A play of light across the pastures of Witherslack.

Amazing views south over Chapel Head Scar.

Under moody skies the Conistion massif. far right grey in diffused light the Langdale Pikes.

The shapely cairn that marks the summit.

Racing moody shadows and wonderful plays of light across the South Lakeland valleys.

Views across Lyth Valley capturing heavy rain washing clean the Kent valley.

The long wide limestone ridge of Whitbarrow provides a fine viewpoint, over the sheep pastures of Lyth Valley the rolling Shap Fells and ridge lines of Whinfell.

Making stately progress through Whitbarrow's limestone scenery, looking to upper Morecambe Bay and the Arnside coast.

Over birch woods just changing into their Autumn clothes, Gummer's How.

Another stricking view over the low limestone scarps and birch woods of Whitbarrow,

Taking a breather, soaking up the views towards Lord's Seat.
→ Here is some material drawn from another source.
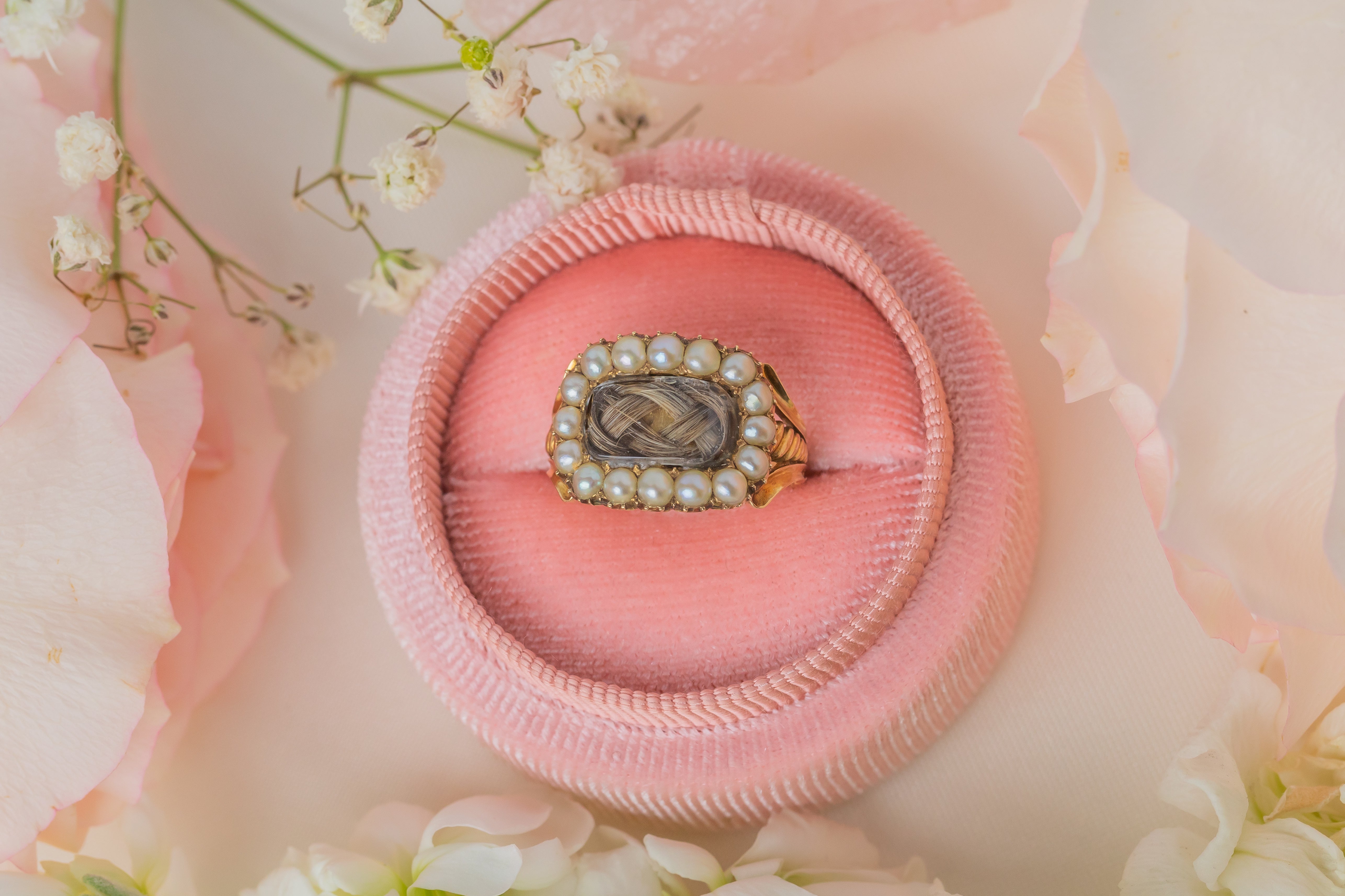 We not only love the story behind this ring, but how it epitomises Georgian sentimental jewellery, encapsulating the fine craftsmanship each piece of mourning jewellery entails. Held securely around your finger with saturated 15ct Gold, this antique ring flaunts ornate shoulder work akin to Greek pillars, she truly is a work of art!
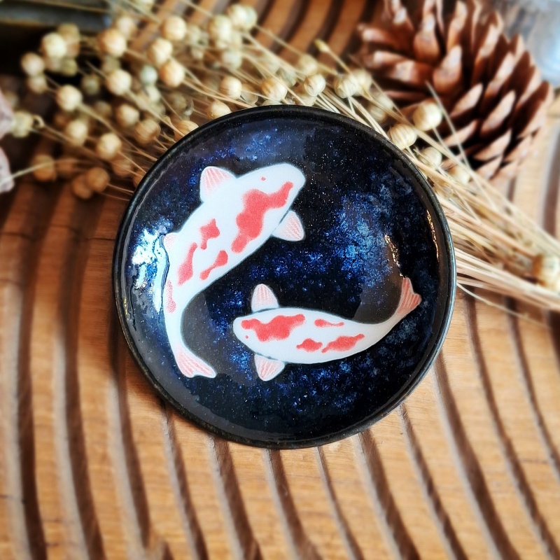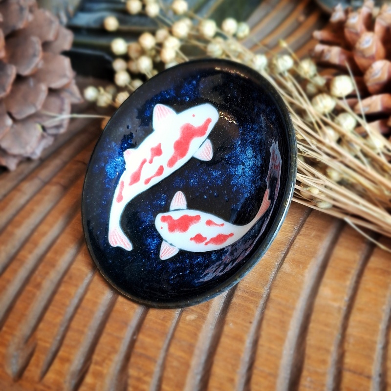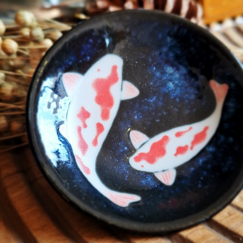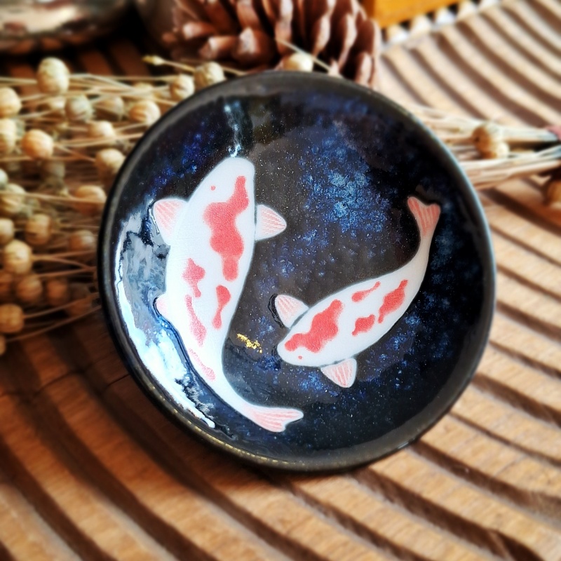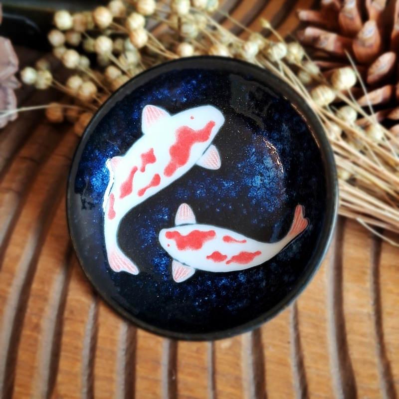 Dans l’iconographie japonaise, la carpe koï (nishikigoi) incarne force, persévérance et prospérité. Issue de variétés ornementales importées de Chine dès l’époque Edo, elle s’est enracinée dans l’art et la culture nippons, notamment à travers la légende de la carpe remontant le fleuve pour se transformer en dragon.

It occurred to me whilst taking this shot, before the last ice age the whole of the Lake District will of looked similar to this, before the ice scoured away the soft limestone.

Arnside Knott seen from Farrer's Allotment.

Climbing out of shot to the left Newton Fell with Barrow Hollin directly opposite.

Surprises for our delectation, sunlight on Chapel Head Scar.

The River Kent spills into the estuary at High Faulshaw.

Arnside Knott seen from the southern edge of Whitbarrow.

Descending through Buckhouse Wood, under foot paths cut from the cliff face by Victorian entrepreneurs.

This narrow track once echoed to the sound of horse drawn carriages, a super highway in the 18th century linking Levens to Witherslack and the rest of Cumberland and Westmorland.

Then we have this, the old Barrow Trunk Road, this modern road built in 1922 replaced the metalled track I'd just left, it has since been replaced by the modern A590.

Whitbarrow as seen from the old road to Barrow.